Reports | Correlated Findings

Correlated Findings
This report calculates pairwise correlations between tests within each findings domain and identifies unusual results at specific study sites.
Report Results Description
Running Correlated Findings for Nicardipine using default settings generates the report shown below.
The Report contains the following elements:
Correlated Findings Volcano Plot
This plot show points representing the correlations between findings. Points close to zero show little or no correlation. Correlations increase the further (either positively or negatively) the further they are from zero. Selected points, in the figure below, are positively correlated.
Data Filter
This enables you to subset subjects based on demographic characteristics and study site. Refer to Data Filter for more information.
Action Buttons
Action buttons, provide you with an easy way to drill down into your data. The following action buttons are generated by this report. Use your mouse to select one or more sites of interest before selecting a drill down option, as shown below:
Show Sites: Shows the rows of the data table for the selected points from the volcano plot. Clicking opens the following table:
Show Correlation Plot: Click to display correlation plots for the selected points.
Show Findings: Click to display all a table of the selected correlated findings.
General
Click to generate a standardized pdf- or rtf-formatted report containing the plots and charts of selected sections.
Click the Options arrow to reopen the completed report dialog used to generate this output.
Click the gray border to the left of the Options tab to open a dynamic report navigator that lists all of the reports in the review. Refer to Report Navigator for more information.
Methodology
Fisher's transformation (Fisher, 19211, 19702) of the correlation coefficient is calculated for all pairs of tests by CDISC findings domain, with each site (the suspect site, indexed with s) compared to all other sites taken together as a reference (indexed as o). Corresponding p-values are calculated according to a normal approximation.
FDR p-values are calculated and the reference line is determined as described in How does JMP Clinical calculate the False Discovery Rate (FDR)?.
Report Options
By default the report is set to analyze all tests from all findings domains. You can opt however, to restrict the search to specific Findings Tests.

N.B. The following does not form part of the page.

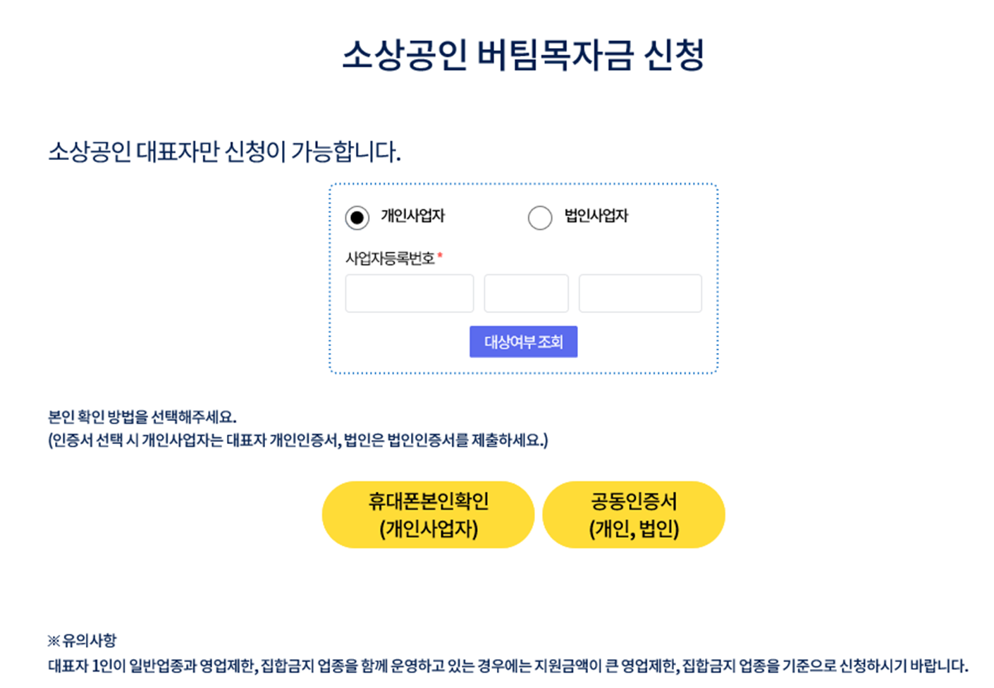 소상공인 버팀목자금 소개, 신청하기, 신청결과 확인 등

You can specify whether to search all results in original units when you Analyze: the data or restrict the search to either character results (in standard format) or numeric results (in standard units).
You might or might not want to include unscheduled visits when you are analyzing findings by visit. Check the Remove unscheduled visits to exclude unscheduled visits.

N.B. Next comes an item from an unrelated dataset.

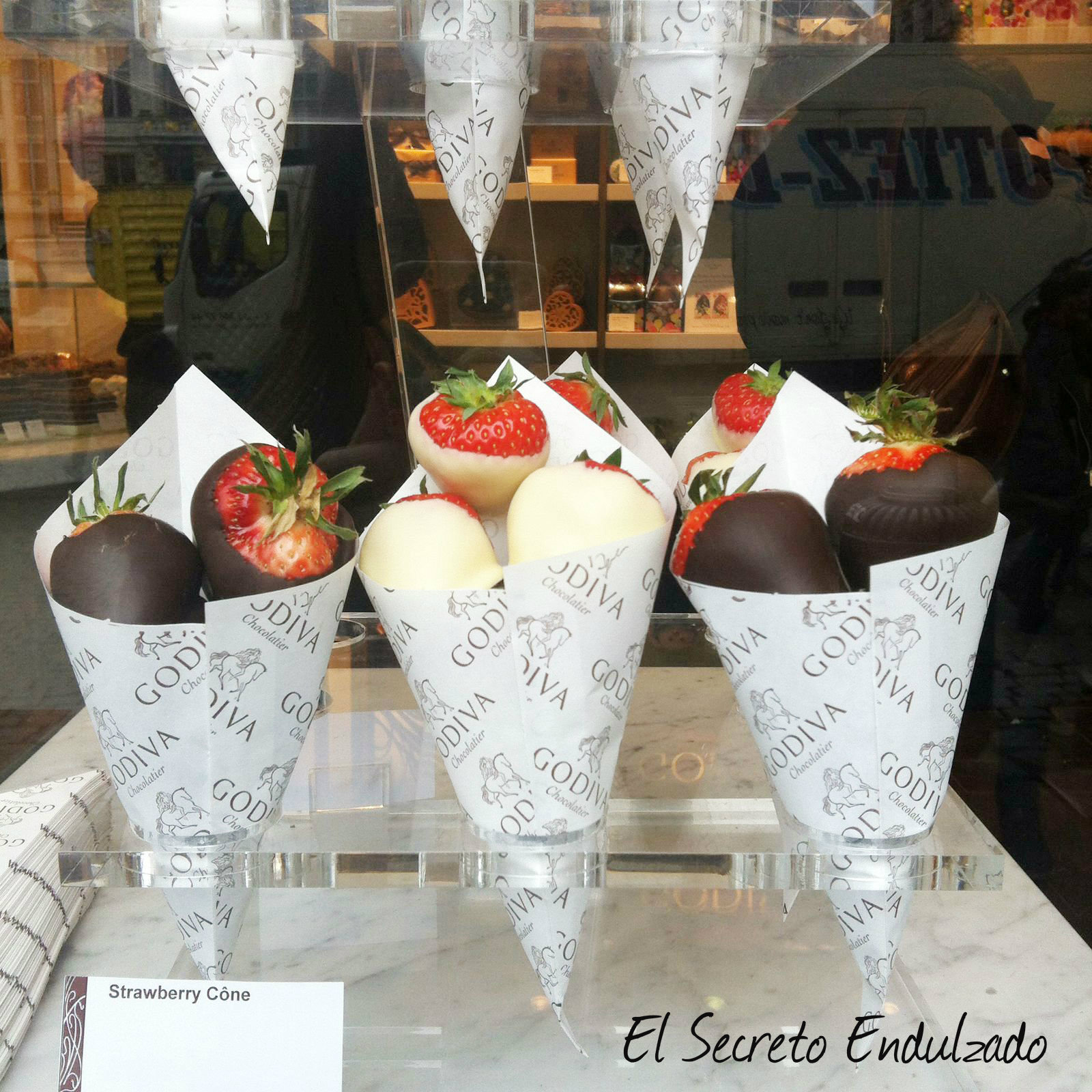 Conocida por much@s de nosotr@s, aunque para nosotras todavía poco tasteada, godiva es la marca de chocolate belga. Su primera tienda fue en la Grand Palace en el año 1926. Super acogedora, y muy tentadoras sus fresas con chocolate fundido! Impresionantes esos conos…se nos hacía la boca agua 😉

You can opt to Consider BY variables in the analysis. This option, which assumes that BY variables (left vs. right arm for collecting blood pressure data, for example) are included in the experimental design, is selected by default. You can uncheck this option to ignore BY variables.

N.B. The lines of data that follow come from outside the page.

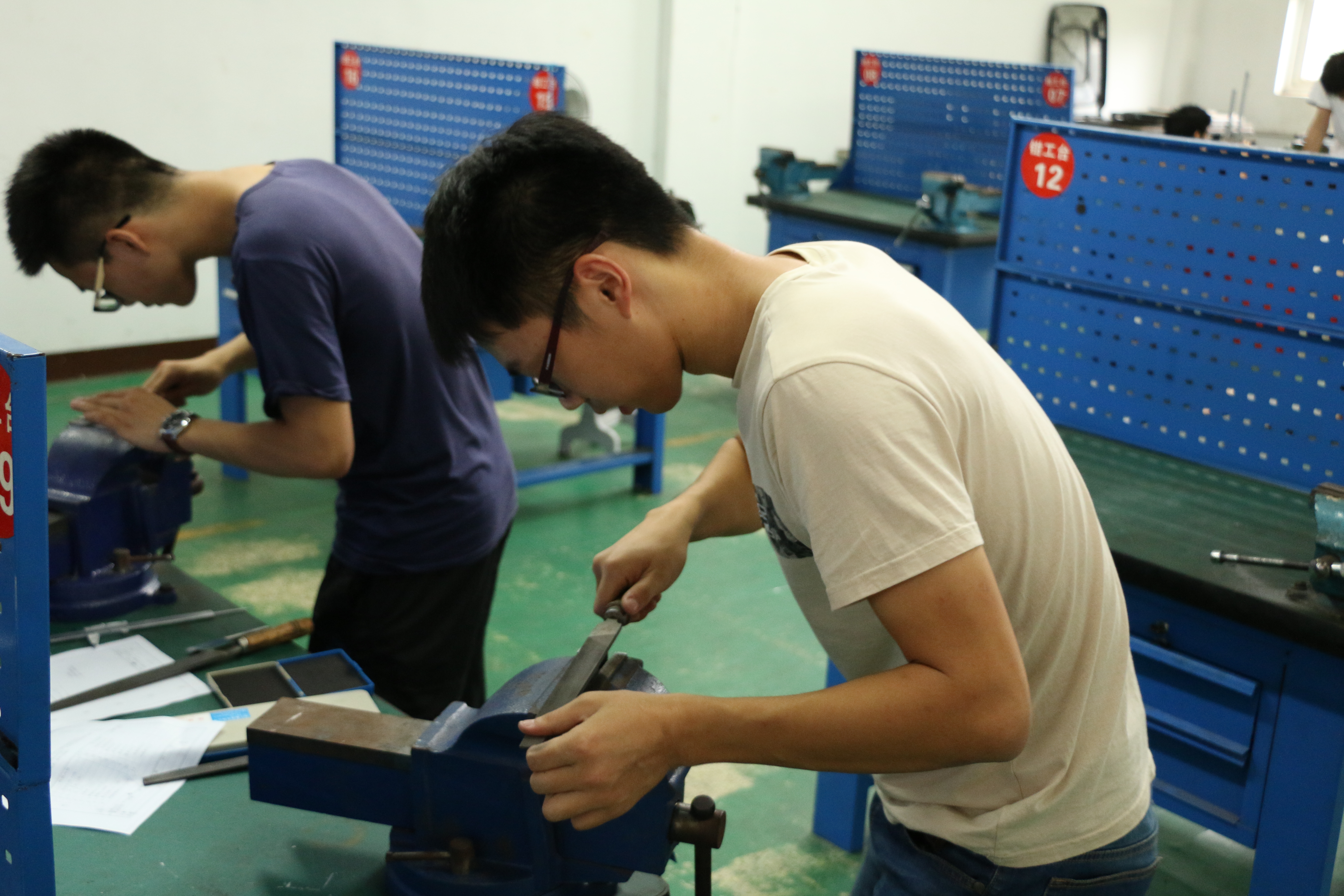 十月金秋,双赢彩票 第八届科技之光活动月如火如荼地进行着。2016年10月21至 23日,在大学生科技创新中心的组织下,大一同学主要参加以“童年”为主题的创意加工大赛,大二大三以及专升本的同学参加钳工加工和普通车削加工大赛。现场,孙兵涛、潘敏辉、占长金、陈雷清等车间老师参与指导与教学工作。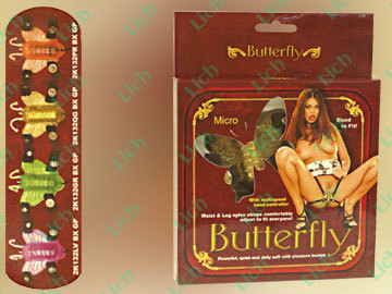 Клиторальный стимулятор *Бабочка* на эластичных ремешках для крепления к телу. Бабочка выполнена из силикона золотистого цвета, ее размеры: длина тела 5 см, размах крылышек 4,5 см.. Вибрация может плавно изменяться благодаря выносным пульту управления вибрацией. Доставит удовольствия Вашему клитору и Вам.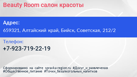 Beauty Room, салон красоты по адресу 659321, Алтайский край, Бийск, Советская, 212/2 в дальнейшем Организация, размещена в следующих категориях:

Use the Only include BY variables if they are domain keys option to subset the available variables to only include those variables that are domain keys. If the option is unchecked, the report uses the cross-classification of xxCAT, xxSCAT, xxLOC, xxMETHOD, xxPOS, xxSPEC, and xxTPT for creating by groups for all variables that are available (as it had in the past).
The Summarize sites with at least this many subjects: option enables you to set a minimal threshold for the sites to be analyzed. Only those sites which exceed the specified number of subjects are included. This feature is useful because it enables you to exclude smaller sites, where small differences due to random events are more likely to appear more significant than they truly are. In larger sites, observed differences from expected attendance due to random events are more likely to be significant because any deviations due to random events are less likely to be observed.
The Alpha option is used to specify the significance level by which to judge the validity of the correlations generated by this report. By definition, alpha represents the probability that you will reject the null hypothesis when the null is, in fact, true. Alpha can be set to any number between 0 and 1, but is most typically set at 0.01, 0.05, or 0.10. The higher the alpha, the lower your confidence that the results you observe are correct.
Filtering the Data:
Filters enable you to restrict the analysis to a specific subset of subjects and/or adverse events, based on values within variables. You can also filter based on population flags (Safety is selected by default) within the study data.
See Select the analysis population, Select saved subject Filter3, and Additional Filter to Include Subjects
The Subset of Visits to Analyze options enables you to restrict to a specific subset of visits your search tests with similar and questionable results.

1
Fisher, R.A. (1921). On the "probable error" of a coefficient of correlation deduced from a small sample. Metron 1: 3-32.

2
Fisher, R.A. (1970). Statistical Methods for Research Workers, 14th Edition. Davien, CT: Hafner Publishing Company.

3
Subject-specific filters must be created using the Create Subject Filter report prior to your analysis.